Self once served on a selection panel for an artists grant. The granting organization was in Baltimore, and they flew her over for one night. Self supposes there must be crazier things than that, but she is still amazed every time she thinks of herself flying clear across the country, staying one night, attending a day-long meeting, and then taking a late flight back to California. And teaching a full load, the very next day.
In Baltimore, she was put up in a Hilton which was close to the seaport. Her shoulders and neck flared with accumulated tension but she was determined to see as much of the city as she could. As soon as she was done with her committee duties, and in the few hours of daylight left before she had to head to the airport, she decided to visit the American Visionary Art Museum. The museum was the brainchild of a man named James Rouse, who happens to be the grandfather of the actor Edward Norton.
The museum is a commemmoration of “outsider art,” art created by people who have no artistic training, who created out of a deep need to express themselves (Just so you know how committed the museum’s curators are to its vision, there is a whole gallery devoted to finger paintings made by one Betsy the Chimp, whose dates of birth and death are very carefully recorded: 1951- 1960)
She remembers another artwork, a sculpture of a gigantic man, caught in mid-stride. The image seems to radiate vitality and power. You have to go close to see: the figure was constructed entirely out of matchsticks.
In another gallery, she saw a series of intensely colorful paintings, all the work of a woman who was a maid for a rich family somewhere in the south. All the paintings were done in her spare time.

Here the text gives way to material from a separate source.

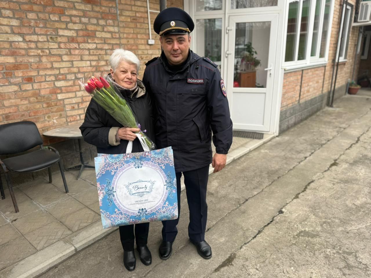 Сотрудники подразделений полиции нанесли визит в семьи и с искренними пожеланиями весны и тепла в душе подарили женщинам тюльпаны и такой же теплый подарок.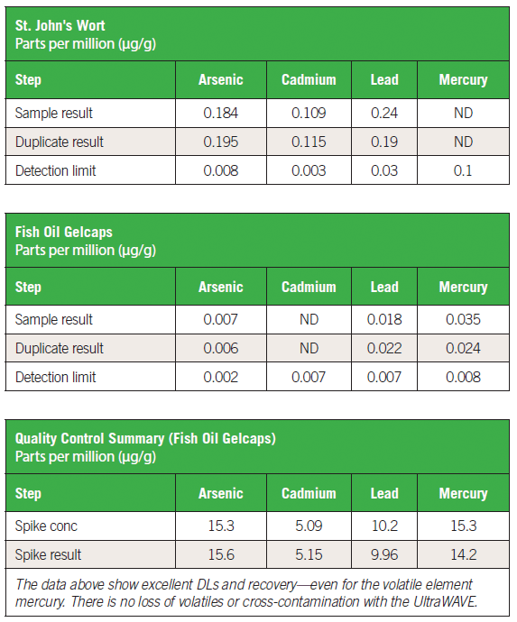 Two sample types, St. John's wort and fish oil, typical of finished product pharmaceuticals, were digested using an SRC digestion system and analyzed for the four toxic USP elements using collision-cell ICP-MS. Since all samples are digested together in a single chamber, duplicates and spike recoveries were performed to confirm the retention of volatile elements and the absence of cross contamination.

The main exhibit, at the time self visited, was called “Home & Beast” and featured the paintings of Christine Sefolosha, born 1955 in the Swiss town of Montreux. Her father was a fruit and vegetable merchant. From the museum catalogue: “During a period of her childhood when she experienced unusual insomnia, her mother took some of her drawings to a psychologist. One of these depicted a huge crocodile devouring a dark-skinned man.”
After reading that, self looked at the paintings, and all of them depicted a dark-skinned man being devoured by a crocodile. Clearly this image was an obsession for Ms. Sefolosha. It turns out that she did marry a “dark-skinned man” from Africa (self forgets which country), followed him back to his home country and bore him two children. Then, the man left her. Sometime afterwards, Sefolosha began “painting and drawing again, working mostly on the floor with new pigments and watercolors and often with such materials as dripped tar and earth.” And all she could paint were images of a dark-skinned man being devoured by a crocodile. Holy Eerie Coincidence!
At the time, self had just finished writing a story called “Dumpster,” which she chose to set in Baltimore. The story made one of her brothers want to puke. Its central image was a severed hand.
Why did self choose Baltimore? As Negrenses might say, “Ambot!” (“I forget!” or “I don’t know!”) At the time that she finished the story, she’d never even been to Baltimore.
After seeing the American Visionary Art Museum, however, self could never forget Baltimore. And, eventually, after not too long, “Dumpster” was picked up by Mark Fitten, then-editor of The Chattahoochee Review.